10. [Spring Test (first hour)] Bad physics in the movies
11. Nuclear power.  How does nuclear power work? How dangerous is nuclear waste? What happened in the Fukushima disaster? Different types of nuclear reactor designs (e.g. CANDU).
12. Fossil fuels, green energy, and ecological sustainability.  Sustainable sources of energy such as wind and solar. How do they work? What mix of types of power stations produces Ontario’s energy? Energy policy. Global warming. Ecological sustainability.

Academic Integrity

Academic integrity is fundamental to learning and scholarship at the University of Toronto. Participating honestly, respectfully, responsibly, and fairly in this academic community ensures that the U of T degree that you earn will be valued as a true indication of your individual academic achievement, and will continue to receive the respect and recognition it deserves.

Familiarize yourself with the University of Toronto’s Code of Behaviour on Academic Matters (http://www.governingcouncil.utoronto.ca/policies/behaveac.htm). It is the rule book for academic behaviour at the U of T, and you are expected to know the rules. Potential offences include, but are not limited to:

In papers and assignments:

• Using someone else’s ideas or words without appropriate acknowledgement.
• Copying material word-for-word from a source (including lecture and study group notes) and not placing the words within quotation marks.
• Submitting your own work in more than one course without the permission of the instructor.
• Making up sources or facts.
• Including references to sources that you did not use.
• Obtaining or providing unauthorized assistance on any assignment including
  • working in groups on assignments that are supposed to be individual work,
  • having someone rewrite or add material to your work while “editing”.
• Lending your work to a classmate who submits it as his/her own without your permission.

On tests and exams:

• Using or possessing any unauthorized aid, including a cell phone.
• Looking at someone else’s answers
• Letting someone else look at your answers.
• Misrepresenting your identity.
• Submitting an altered test for re-grading.

Misrepresentation:

• Falsifying or altering any documentation required by the University, including doctor’s notes.
• Falsifying institutional documents or grades.

To remind you of these expectations, and help you avoid accidental offences, I will ask you to include a signed Academic Integrity Checklist with every assignment. If you do not include the statement, your work will not be graded.

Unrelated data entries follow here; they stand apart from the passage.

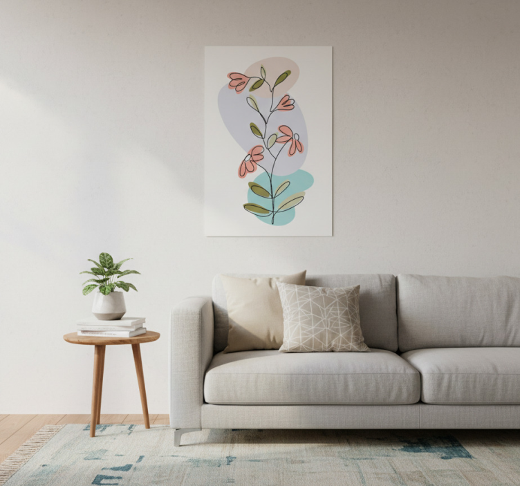 このアートワークは、ピンクの花と緑の葉で特徴づけられた繊細な花のデザインを展示しています。柔らかなパステルの背景に対して配置されており、自然の美しさと現代的なスタイルのバランスが取れています。モダンなリビングスペースを明るくするのに最適で、この作品は優雅さと静けさを反映しており、ホームデコールに魅力的な追加となります。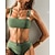 Damen Badeanzug Bikinis 2 Stück Normal Bademode 2 Teile Gerüscht Rückenfrei Einfarbig Grün Weiß Schwarz Gelb Rosa Gefüttert Trägerlos Badeanzüge neu Urlaub Sexy / Modern / Gepolsterte BHs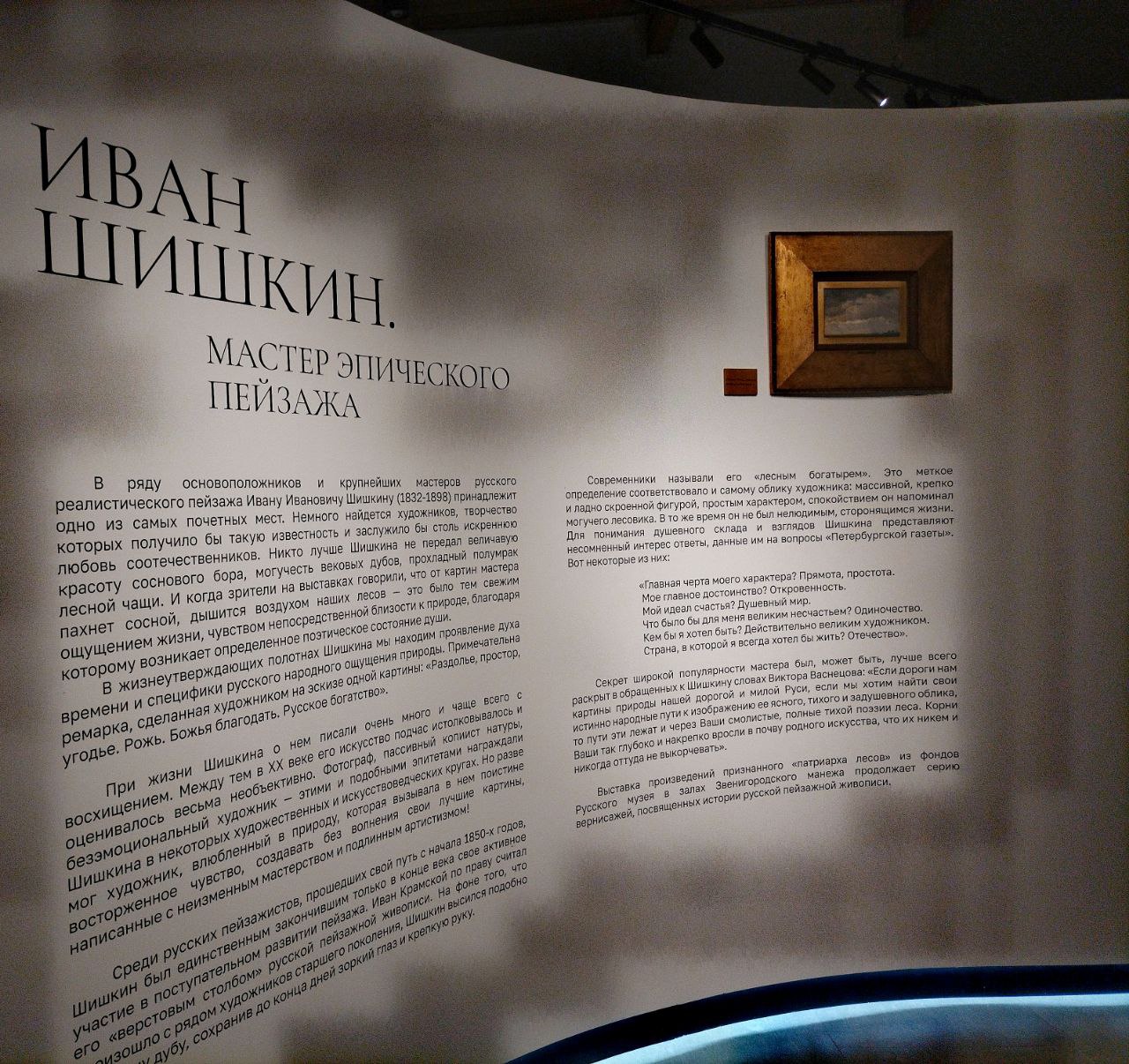 Крупнейшая выставка работ Ивана Шишкина из собрания Русского музея открылась 6 марта в Звенигородском музее. 40 живописных полотен великого русского пейзажиста Ивана Ивановича Шишкина (1832-1898) представлены посетителям. Картины расположены в хронологическом порядке: от первых законченных полотен до величественных пейзажей конца 1890-х годов. Такой подход раскрывает особенности художественного почерка мастера и позволяет проследить его творческий путь. Дополнением к живописным полотнам стала мультимедийная зона, которая позволяет посетителям буквально погрузиться в мир великого пейзажиста.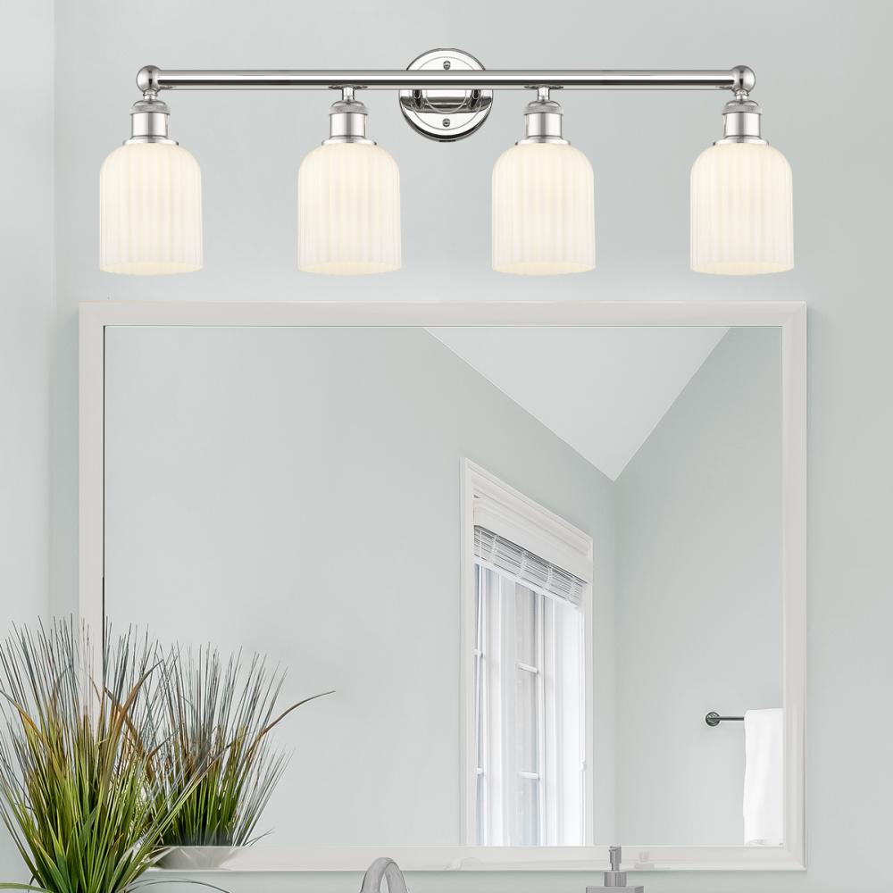 Bridal Veil - 4 Light - 32 inch - Polished Nickel - Gloss White Shade - Bath Vanity Light
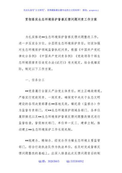 / 贯彻落实生态环境保护督察反馈问题问责工作方案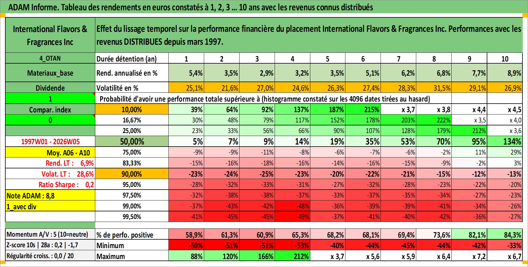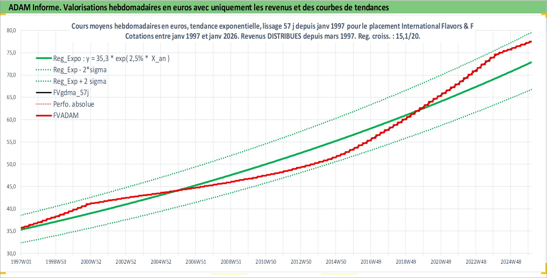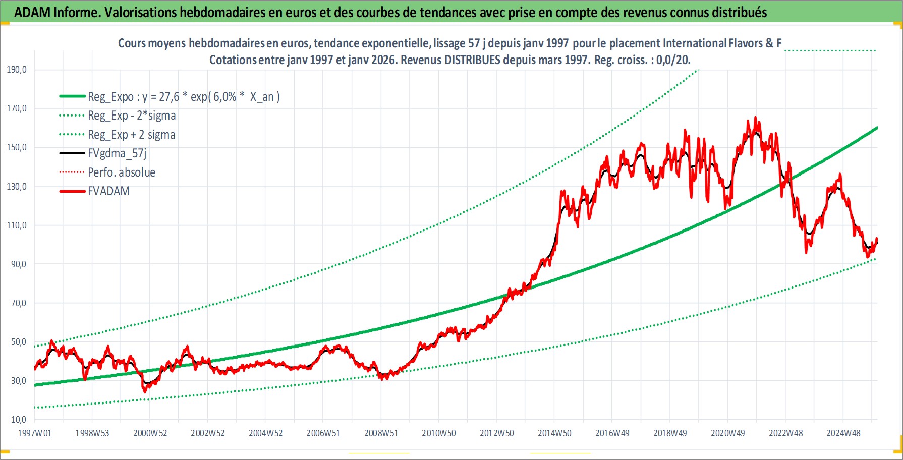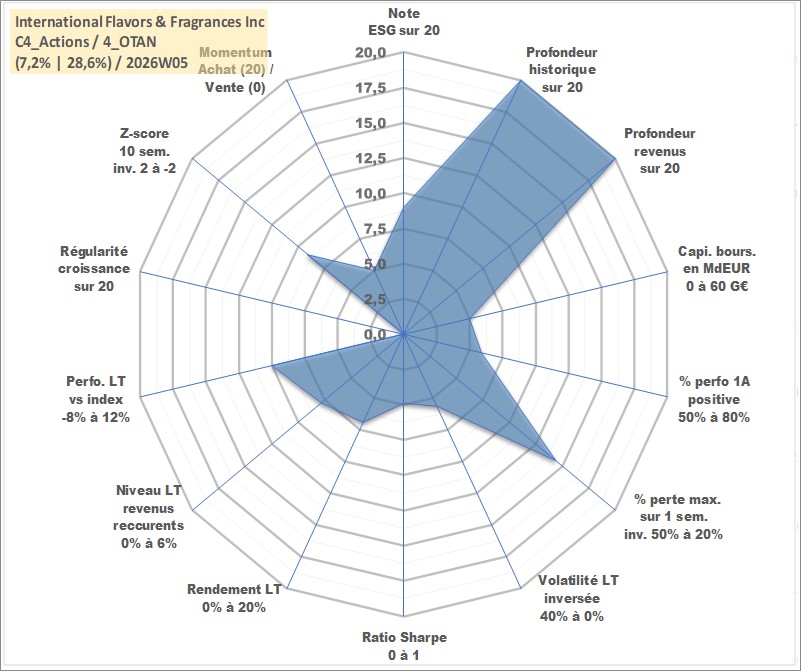 Site dédié aux investisseursPage dédiée sur site financeAnalyse des valorisations hebdomadaires de l'action International Flavors & Fragrances Inc. Cet actif est cote en USD. Les valorisations sont en contrevaleur EURO et couvrent les semaines 1997W01 a 2026W05. Les revenus de cet actif financier sont pris en compte depuis la semaine 1997W12. La note globale ESG de cet actif est estimee a 9.0 (apres rebasage entre 0 et 20).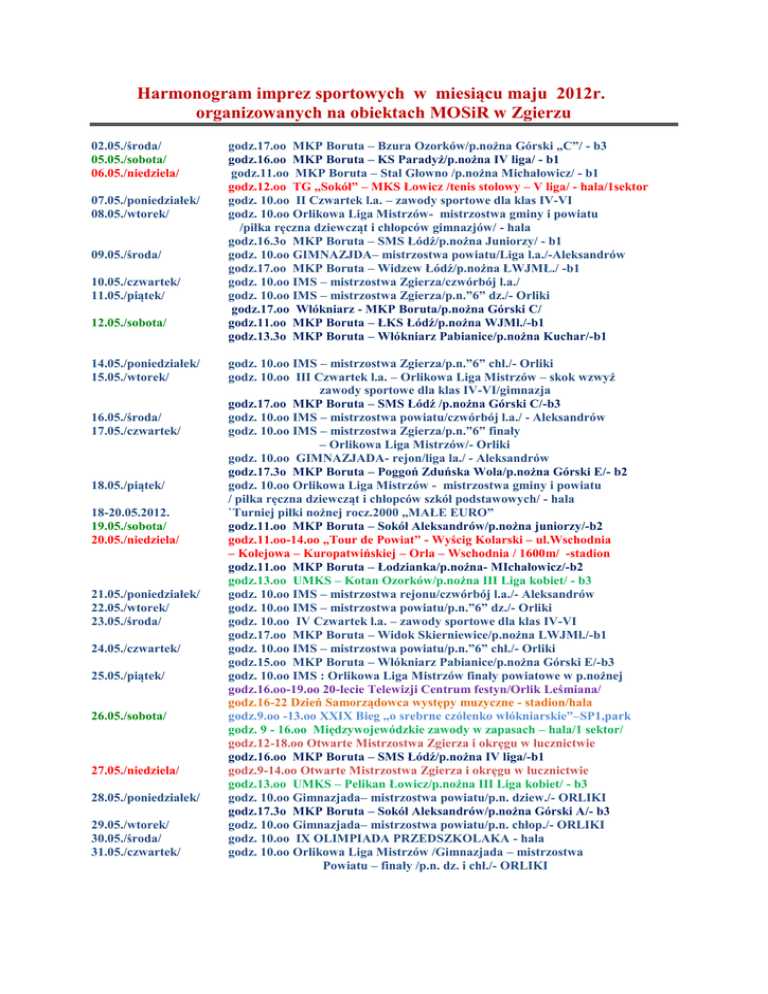 Harmonogram imprez sportowych w miesiącu maju 2012r. organizowanych na obiektach MOSiR w Zgierzu 02.05./środa/ 05.05./sobota/ 06.05./niedziela/ 07.05./poniedziałek/ 08.05./wtorek/ 09.05./środa/ 10.05./czwartek/ 11.05./piątek/ 12.05./sobota/ 14.05./poniedziałek/ 15.05./wtorek/ 16.05./środa/ 17.05./czwartek/ 18.05./piątek/ 18-20.05.2012. 19.05./sobota/ 20.05./niedziela/ 21.05./poniedziałek/ 22.05./wtorek/ 23.05./środa/ 24.05./czwartek/ 25.05./piątek/ 26.05./sobota/ 27.05./niedziela/ 28.05./poniedziałek/ 29.05./wtorek/ 30.05./środa/ 31.05./czwartek/ godz.17.oo MKP Boruta – Bzura Ozorków/p.nożna Górski „C”/ - b3 godz.16.oo MKP Boruta – KS Paradyż/p.nożna IV liga/ - b1 godz.11.oo MKP Boruta – Stal Głowno /p.nożna Michałowicz/ - b1 godz.12.oo TG „Sokół” – MKS Łowicz /tenis stołowy – V liga/ - hala/1sektor godz. 10.oo II Czwartek l.a. – zawody sportowe dla klas IV-VI godz. 10.oo Orlikowa Liga Mistrzów- mistrzostwa gminy i powiatu /piłka ręczna dziewcząt i chłopców gimnazjów/ - hala godz.16.3o MKP Boruta – SMS Łódź/p.nożna Juniorzy/ - b1 godz. 10.oo GIMNAZJDA– mistrzostwa powiatu/Liga l.a./-Aleksandrów godz.17.oo MKP Boruta – Widzew Łódź/p.nożna ŁWJMŁ./ -b1 godz. 10.oo IMS – mistrzostwa Zgierza/czwórbój l.a./ godz. 10.oo IMS – mistrzostwa Zgierza/p.n.”6” dz./- Orliki godz.17.oo Włókniarz - MKP Boruta/p.nożna Górski C/ godz.11.oo MKP Boruta – ŁKS Łódź/p.nożna WJMł./-b1 godz.13.3o MKP Boruta – Włókniarz Pabianice/p.nożna Kuchar/-b1 godz. 10.oo IMS – mistrzostwa Zgierza/p.n.”6” chł./- Orliki godz. 10.oo III Czwartek l.a. – Orlikowa Liga Mistrzów – skok wzwyż zawody sportowe dla klas IV-VI/gimnazja godz.17.oo MKP Boruta – SMS Łódź /p.nożna Górski C/-b3 godz. 10.oo IMS – mistrzostwa powiatu/czwórbój l.a./ - Aleksandrów godz. 10.oo IMS – mistrzostwa Zgierza/p.n.”6” finały – Orlikowa Liga Mistrzów/- Orliki godz. 10.oo GIMNAZJADA- rejon/liga la./ - Aleksandrów godz.17.3o MKP Boruta – Poggoń Zduńska Wola/p.nożna Górski E/- b2 godz. 10.oo Orlikowa Liga Mistrzów - mistrzostwa gminy i powiatu / piłka ręczna dziewcząt i chłopców szkół podstawowych/ - hala `Turniej piłki nożnej rocz.2000 „MAŁE EURO” godz.11.oo MKP Boruta – Sokół Aleksandrów/p.nożna juniorzy/-b2 godz.11.oo-14.oo „Tour de Powiat” - Wyścig Kolarski – ul.Wschodnia – Kolejowa – Kuropatwińskiej – Orla – Wschodnia / 1600m/ -stadion godz.11.oo MKP Boruta – Łodzianka/p.nożna- MIchałowicz/-b2 godz.13.oo UMKS – Kotan Ozorków/p.nożna III Liga kobiet/ - b3 godz. 10.oo IMS – mistrzostwa rejonu/czwórbój l.a./- Aleksandrów godz. 10.oo IMS – mistrzostwa powiatu/p.n.”6” dz./- Orliki godz. 10.oo IV Czwartek l.a. – zawody sportowe dla klas IV-VI godz.17.oo MKP Boruta – Widok Skierniewice/p.nożna LWJMł./-b1 godz. 10.oo IMS – mistrzostwa powiatu/p.n.”6” chł./- Orliki godz.15.oo MKP Boruta – Włókniarz Pabianice/p.nożna Górski E/-b3 godz. 10.oo IMS : Orlikowa Liga Mistrzów finały powiatowe w p.nożnej godz.16.oo-19.oo 20-lecie Telewizji Centrum festyn/Orlik Leśmiana/ godz.16-22 Dzień Samorządowca występy muzyczne - stadion/hala godz.9.oo -13.oo XXIX Bieg „o srebrne czółenko włókniarskie”–SP1,park godz. 9 - 16.oo Międzywojewódzkie zawody w zapasach – hala/1 sektor/ godz.12-18.oo Otwarte Mistrzostwa Zgierza i okręgu w łucznictwie godz.16.oo MKP Boruta – SMS Łódź/p.nożna IV liga/-b1 godz.9-14.oo Otwarte Mistrzostwa Zgierza i okręgu w łucznictwie godz.13.oo UMKS – Pelikan Łowicz/p.nożna III Liga kobiet/ - b3 godz. 10.oo Gimnazjada– mistrzostwa powiatu/p.n. dziew./- ORLIKI godz.17.3o MKP Boruta – Sokół Aleksandrów/p.nożna Górski A/- b3 godz. 10.oo Gimnazjada– mistrzostwa powiatu/p.n. chłop./- ORLIKI godz. 10.oo IX OLIMPIADA PRZEDSZKOLAKA - hala godz. 10.oo Orlikowa Liga Mistrzów /Gimnazjada – mistrzostwa Powiatu – finały /p.n. dz. i chł./- ORLIKI

The University of Toronto treats cases of academic misconduct very seriously. All suspected cases of academic dishonesty will be investigated following the procedures outlined in the Code. The consequences for academic misconduct can be severe, including a failure in the course and a notation on your transcript. If you have any questions about what is or is not permitted in this course, please do not hesitate to contact me. If you have questions about appropriate research and citation methods, seek out additional information from me, or from other available campus resources like the U of T Writing Website.  If you are experiencing personal challenges that are having an impact on your academic work, please speak to me or seek the advice of your college registrar.

Turnitin

Normally, students will be required to submit their course essays to Turnitin.com for a review of textual similarity and detection of possible plagiarism. In doing so, students will allow their essays to be included as source documents in the Turnitin.com reference database, where they will be used solely for the purpose of detecting plagiarism. The terms that apply to the University’s use of the Turnitin.com service are described on the Turnitin.com web site.

If you do not wish to use Turnitin, you will need to provide alternative documentation to prove that your work is your own. I require two drafts of each essay in earlier stages of development as well as the final product.